Indian film actress (1931–2025)

Sandhya Shantaram (née Vijaya Deshmukh; 20 September 1931 – 4 October 2025), known mononymously as Sandhya, was an Indian actress. She is best known for her appearances in various Hindi and Marathi films directed by her husband V. Shantaram, in 1950s-1960s, most notably Jhanak Jhanak Payal Baaje (1955), Do Aankhen Barah Haath (1957), Navrang (1959), Marathi film Pinjra (1972) and Amar Bhoopali (1951).

==Early life and career==
Sandhya was born on 20 September 1931. She was discovered by V. Shantaram when he was seeking new faces to cast for his film Amar Bhoopali (1951). What struck the filmmaker was that she had a good voice, one that strangely resembled that of his second wife, the actress Jayshree. She later married him after Jayshree left him. In 1952, Sandhya debuted as an actress in his Marathi film Amar Bhoopali in the role of a vocalist, the object of poet Honaji Bala's desire. She went on to feature in most of Shantaram's films. In her next film Teen Batti Char Raasta (1953), she played an impoverished girl named Kokila who is considered unattractive because of her dark skin, but who is secretly a radio star with a beautiful singing voice. Like her name, she resembled the black bird koel which sings beautifully. For the role, Sandhya wore dark makeup.

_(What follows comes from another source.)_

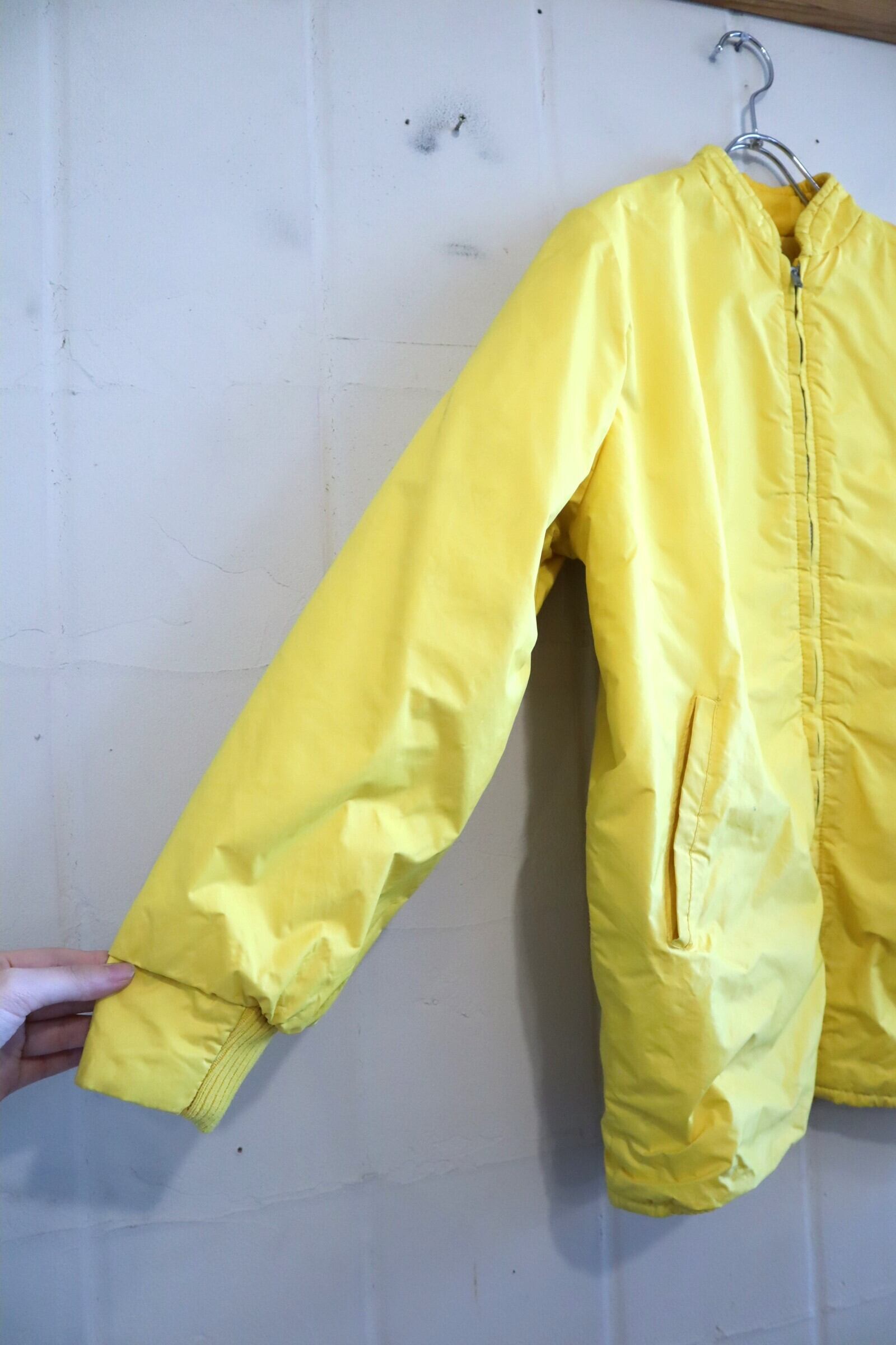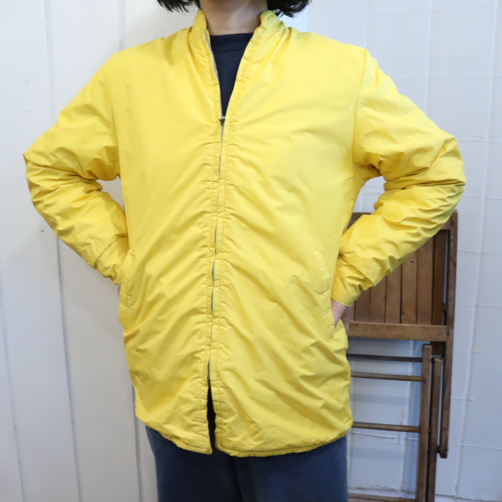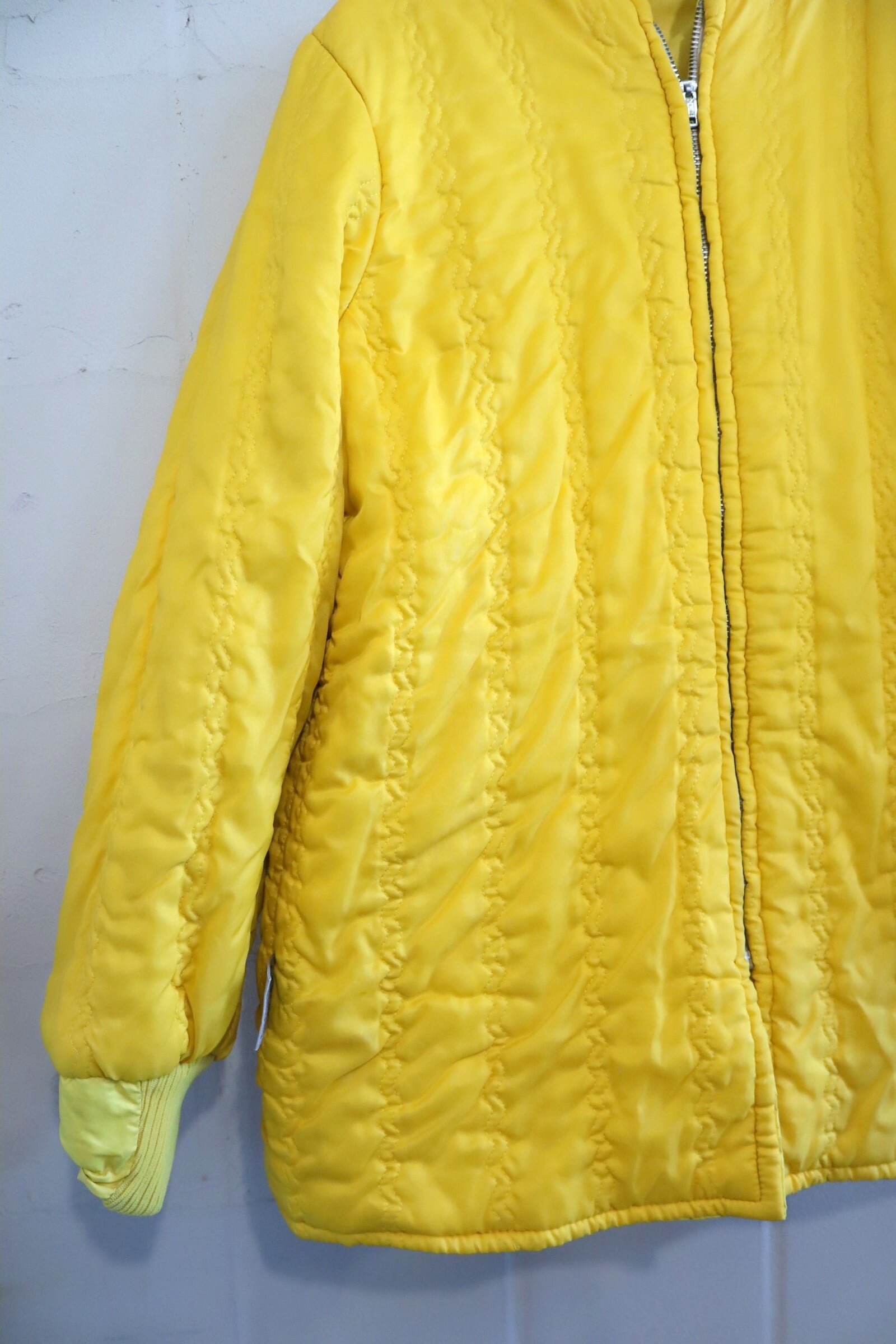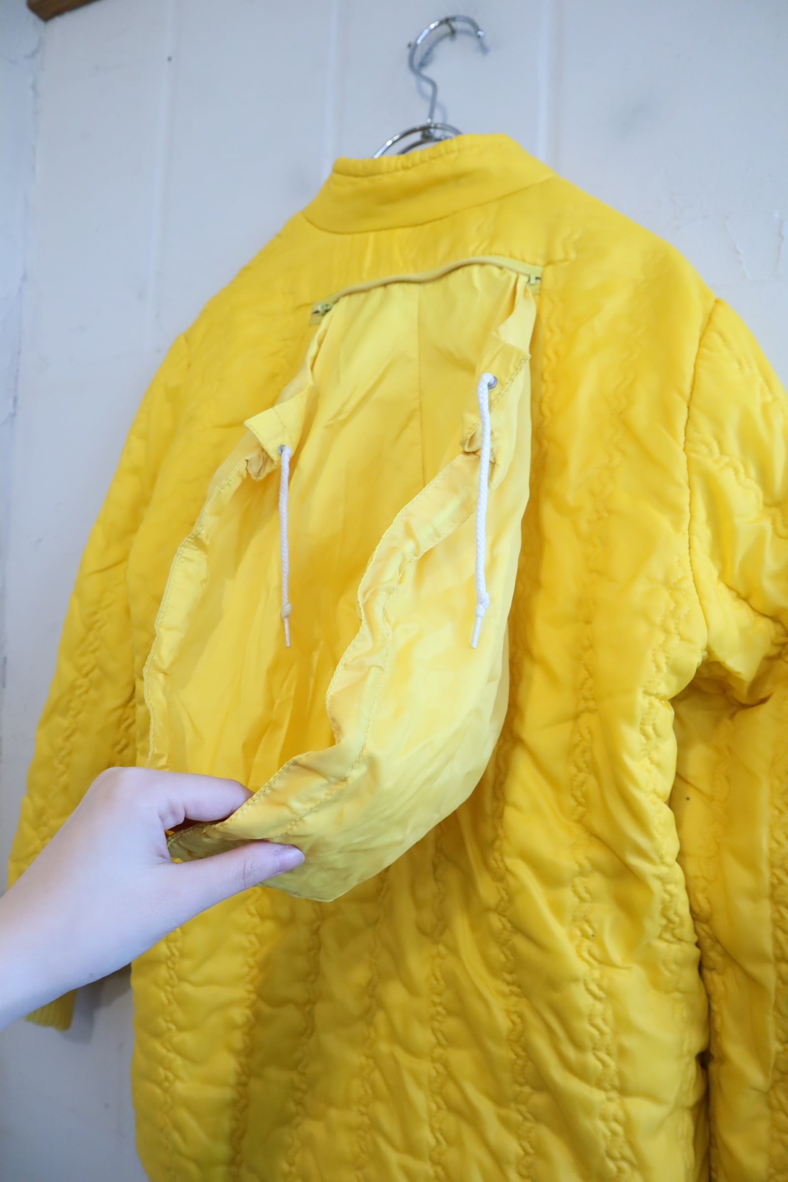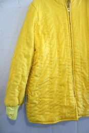 ビビッドイエローにリバーシブルデザインが可愛いキルトジャケット。

As she had no formal dance training, she underwent intensive instruction in classical dance from co-star Gopi Krishna for the film Jhanak Jhanak Payal Baaje. The two play Kathak dancers who are preparing for an important competition, but face opposition from their dance guru when they fall in love. The film was very successful and went on to win four Filmfare Awards as well as the National Film Award for Best Feature Film in Hindi. Sandhya starred opposite her husband in the film Do Aankhen Barah Haath, where she played Champa, a toy seller who fascinates the warden and inmates as she walks outside their jail. In Navrang, she played the plain wife of the titular character, a poet, who creates a fantasy image of her as his beautiful and sensuous muse. The film contained the Holi song "Arre Ja Re Hatt Natkhat", where Sandhya dances with an elephant wearing dancing bells ghungroo.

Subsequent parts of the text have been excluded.